QCAR Chairman Christian Lago, in his letter to Mr Hong, said QCAR was compelled to express concerns over the “troubling state” and performance declines at Wilmar’s sugarcane processing facilities, as well as the eroded confidence in Wilmar’s Australian management team.

Mr Lago reminded Mr Kuok that QCAR’s colleagues had “reached out in good faith” to him in December 2022 to urge his personal involvement, but in respecting his preference for Wilmar’s Australian management team to handle the matter, QCAR representatives “engaged in a process that we believed was designed to address our concerns”.

“In light of the current turmoil surrounding your Australian investments, we are reaching out once more to urge you to take decisive action as Chairman and CEO,” Mr Lago wrote on Friday, 17 January 2025, hours before Wilmar officially ceased the 2024 crushing season.

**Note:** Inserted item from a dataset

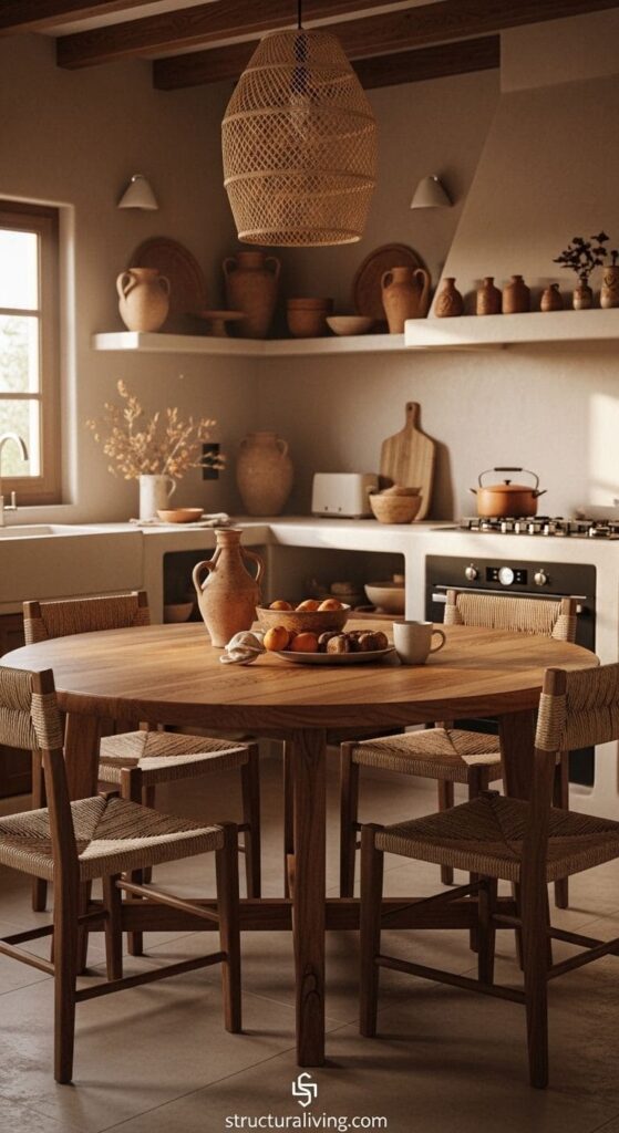 A cozy Mediterranean-style kitchen featuring a wooden dining table with chairs, warm tones, and rustic decor.

Mr Lago wrote the season was “exceptionally disappointing” with losses “so severe they are difficult to confront” as he acknowledged Mr Kuok was undoubtedly aware of the economic ramifications from extended harvests.

He told Mr Kuok that QCAR questioned Wilmar’s Australian management team’s handling of the industrial action in 2024 which profoundly impacted the entire Australian sugarcane sector and “posed significant challenges to Wilmar’s operations, reputation, and profitability”.

“We strongly urged your Australian management team to … approach this situation with the seriousness it deserve(d),” Mr Lago wrote, adding its actions had tarnished the reputation of Wilmar and the Australian sugarcane industry, and led to “extremely low morale” among its milling workforces.